Be held accountable.
I've always made excuses, had reasons, blamed it on genetics, on my disease, on advertisements, moods, situations, breakups, celebrations...
it's been me all along. I am the one in control ... and now, I will be held accountable.
So here I am. Day 1. I normally plan ahead for diets and meal changes, life changes. This one caught me off guard and so I am trying to wrap my Type A head around what is going to happen today for Festive Friday at the office when Karie brings in breakfast (since it's her turn this week)... or what will happen at lunch when everyone at work will invite me out for Steve's going away party. Or tonight when I go out for dinner with my boyfriend Jimmy and his friends? Better even: what am I going to do next week for Thanksgiving.
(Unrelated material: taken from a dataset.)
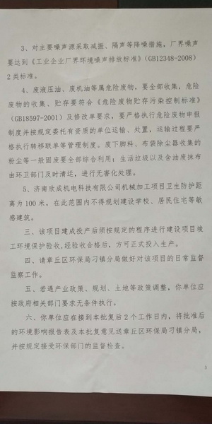 濟南欣成機電科技有限公司(環(huán)評批復)

I have no plan. I am jumping in and sorting it out along the way. But isn't that life? One day at a time?
And so it's somewhere between 8 and 9 am and I've obliged April (the other new girl here) and enjoyed some Coffee Mate coconut creamer in my obligatory morning coffee. Yum. (Although, it does slightly remind me of drunk nights in college when I had far too many shots of Malibu Rum -- I no longer can drink the stuff which still causes a mildly nauseating effect). So how many calories are in the fun little addition of creamer? Well, according to MyFitnessPal app, Coconut Creme - Coffee Creamer (serving size 1 tbsp) is 35 calories. Hmm. Okay. Better than a fancy starbucks beverage I suppose. And what about my overnight oats?? After adjusting the serving size to 1/4 (I only had a few spoonfuls) that's another 69 calories. Okay. Not bad. 104 calories before 9 am. I'll have a small piece of whatever Karie brings in and that won't be too bad.
I can do this. I can just jump in. The key is to start. Start somewhere. I'm starting today. A few days late, but right on time.